**INPUT DATA**:
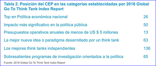 De acuerdo a las categorías que establece el ranking, el CEP se destaca en los siguientes lugares a nivel mundial:
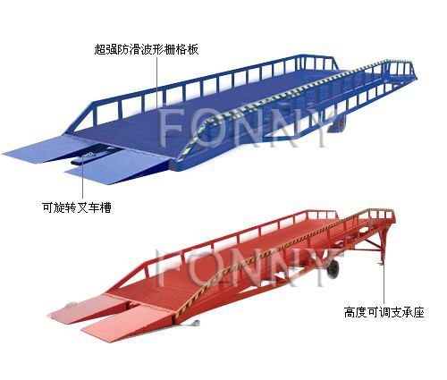 移動式液壓登車橋是與叉車配合使用的貨物裝卸輔助設(shè)備,可根據(jù)汽車車廂的高低調(diào)節(jié)高度,叉車可以直接通過本設(shè)備駛?cè)胲噹麅?nèi)部進(jìn)行貨物的批量裝卸,僅需單人作業(yè),即可實現(xiàn)貨物的快速裝卸。它使企業(yè)減少大量勞動力,提高工作效率,獲取經(jīng)濟(jì)效益。
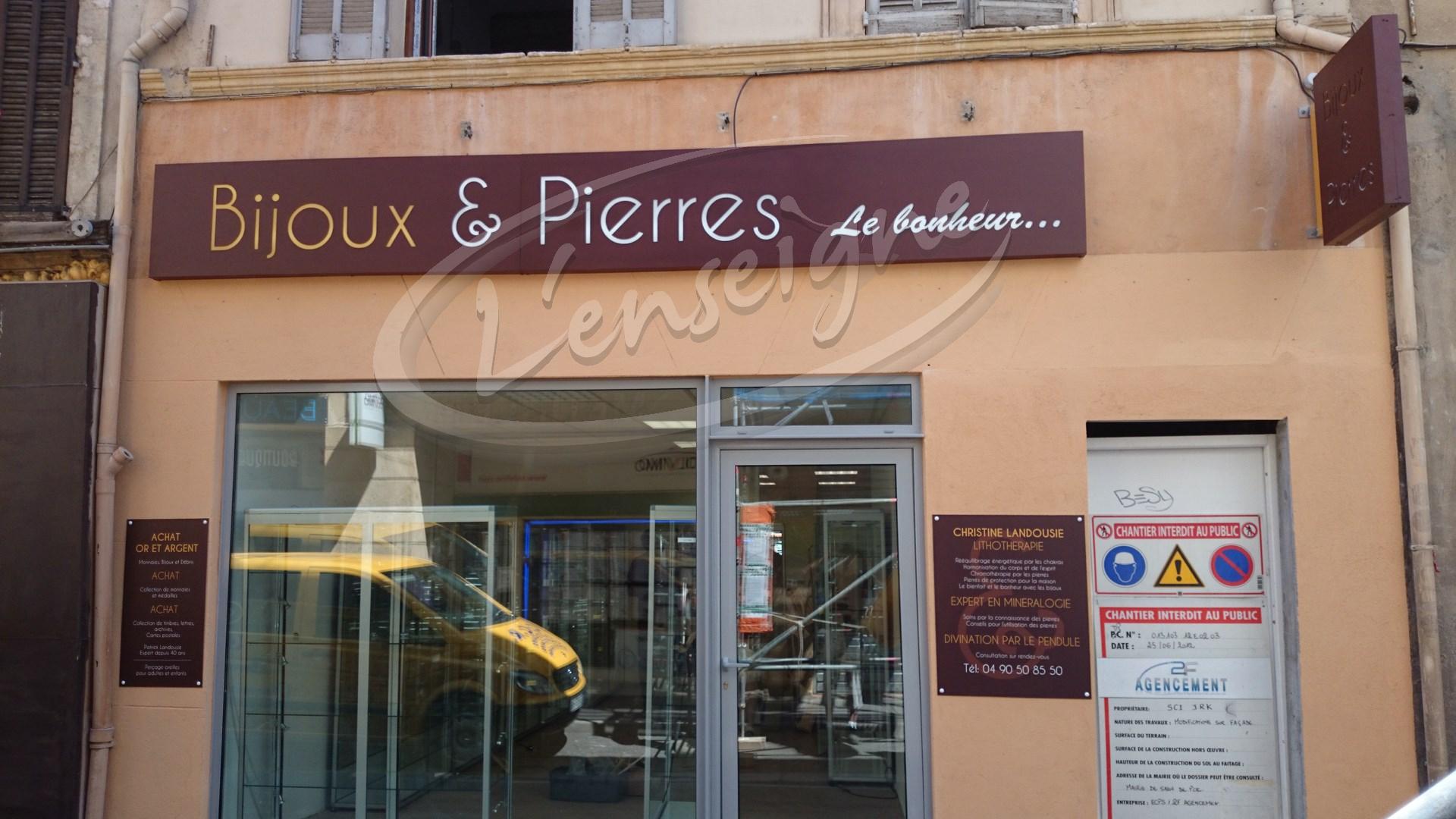 Pour Bijoux & Pierre à Salon de Provence, L'Enseigne a réalisé un caisson lumineux de façade et un caisson drapeau lumineux.

**REQUIREMENT**:
Pictures stay out; everything else in the listing above gets repeated exactly.

**COMPLETED EXERCISE**:
 De acuerdo a las categorías que establece el ranking, el CEP se destaca en los siguientes lugares a nivel mundial:
 移動式液壓登車橋是與叉車配合使用的貨物裝卸輔助設(shè)備,可根據(jù)汽車車廂的高低調(diào)節(jié)高度,叉車可以直接通過本設(shè)備駛?cè)胲噹麅?nèi)部進(jìn)行貨物的批量裝卸,僅需單人作業(yè),即可實現(xiàn)貨物的快速裝卸。它使企業(yè)減少大量勞動力,提高工作效率,獲取經(jīng)濟(jì)效益。
 Pour Bijoux & Pierre à Salon de Provence, L'Enseigne a réalisé un caisson lumineux de façade et un caisson drapeau lumineux.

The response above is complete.